Look through the listing below and write out exactly the lines from the line with "Voici le planning" to the line with "Used correctly, it", both included, and no others.

» SUPPLIED MATERIAL:
------
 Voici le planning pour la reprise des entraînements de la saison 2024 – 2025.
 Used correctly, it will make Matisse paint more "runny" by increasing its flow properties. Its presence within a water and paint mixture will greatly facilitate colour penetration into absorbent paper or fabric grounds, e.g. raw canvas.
------
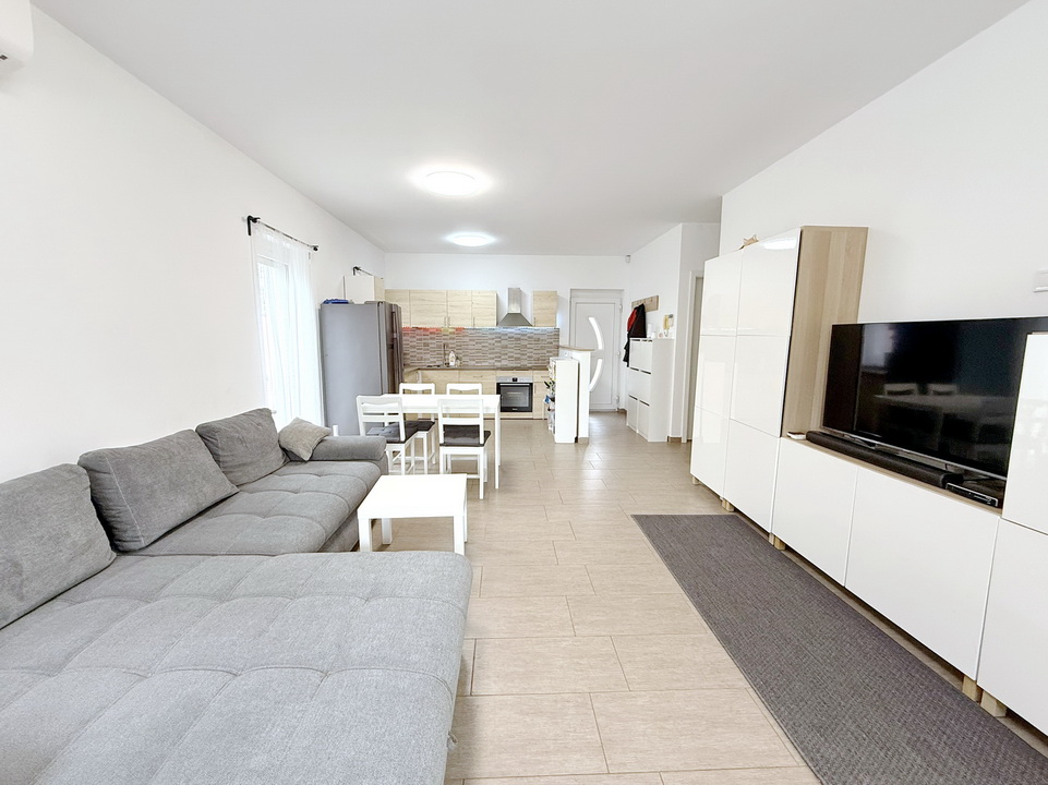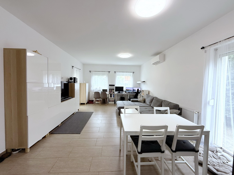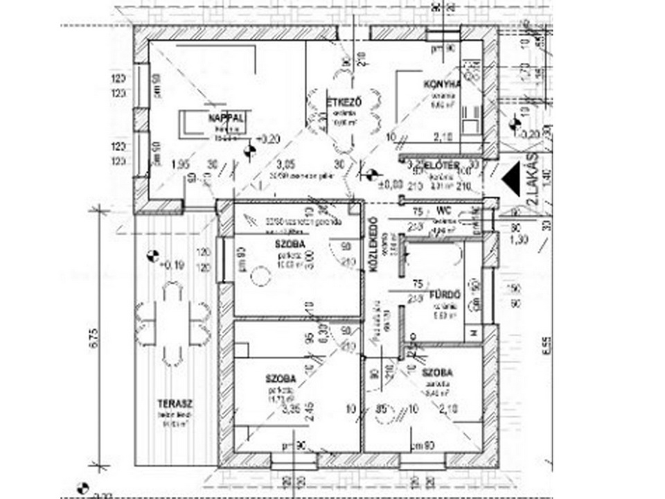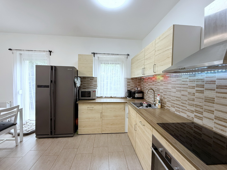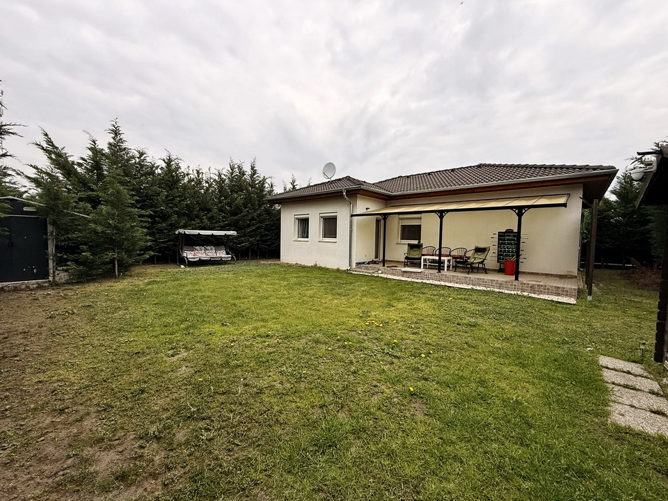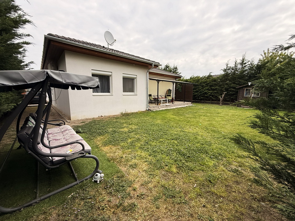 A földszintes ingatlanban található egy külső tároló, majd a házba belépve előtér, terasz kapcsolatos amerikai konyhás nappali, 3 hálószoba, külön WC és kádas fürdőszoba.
------
» RESULT OF THIS EXERCISE:
 Voici le planning pour la reprise des entraînements de la saison 2024 – 2025.
 Used correctly, it will make Matisse paint more "runny" by increasing its flow properties. Its presence within a water and paint mixture will greatly facilitate colour penetration into absorbent paper or fabric grounds, e.g. raw canvas.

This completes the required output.